2010 Chapters (Layout Features)

Analysis of Phosphatase Activity from Aquatic Heterotrophic Bacteria at the Single Cell Level by Flow Cytometry: Example of a Development Achieved in the Regional Flow Cytometry Platform for Microbiology (Precym) Hosted by the Oceanology Center of Marseille

Gregori, Gerald; Denis, Michel; Duhamel, Solange; Van Wambeke, France

Marine microbes play a very important role in biogeochemical cycles. Because of their ­biodiversity, the diversity of their metabolisms, and their ­physiological heterogeneity (live/dead, active/inactive cells), it is necessary to study them at the single cell level.

Flow cytometry has become a technique of choice to reach this goal, providing a fast, reliable, and multiparametric analysis of individual cells. However, the cost of such a technique makes flow cytometry out of reach for small institutes or laboratory units. It also requires a qualified and well-trained operator.

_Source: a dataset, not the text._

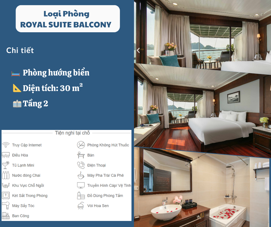 • 12:30 Quý khách thưởng thức bữa trưa, ngắm cảnh trong khi du thuyền bắt đầu hải trình khám phá Vịnh Hạ Long, một trong bảy kỳ quan thiên nhiên thế giới.

To make this technique available to all the microbiologists of the “Provence Alpes Côte d’Azur” Region, a Regional Flow Cytometry Platform (PRECYM), hosted by the Oceanology Centre of Marseille, was created by a consortium of six laboratories. Its goal is to provide researchers with the possibility to consider new approaches and to guarantee optimal technical, economic, and scientific exploitations of these instruments.

An example of such a technical development is described in this chapter. The ELF97 phosphatase substrate has been shown to be a performing tool to assess the phosphorus status of phytoplankton populations.

Recently, this technique has been successfully applied to marine heterotrophic bacteria in culture samples in which ELF-labeling was observed by microscopy.

In this study, we describe a new protocol for ­ELF-labeling of heterotrophic bacteria that allow detection by flow cytometry. ELF-labeled samples were stored in liquid nitrogen for up to 4 months before analysis without any significant loss of total or ELF-labeled cell abundance and of relative ELF ­fluorescence intensity.

This method enables studying ectoenzymatic alkaline phosphatase activity of heterotrophic bacteria at the single cell level in environments even with low cell abundance. It has been successfully applied in both fresh and marine samples.

This approach is set to improve our understanding of the physiological response of heterotrophic bacteria to phosphorus limitation.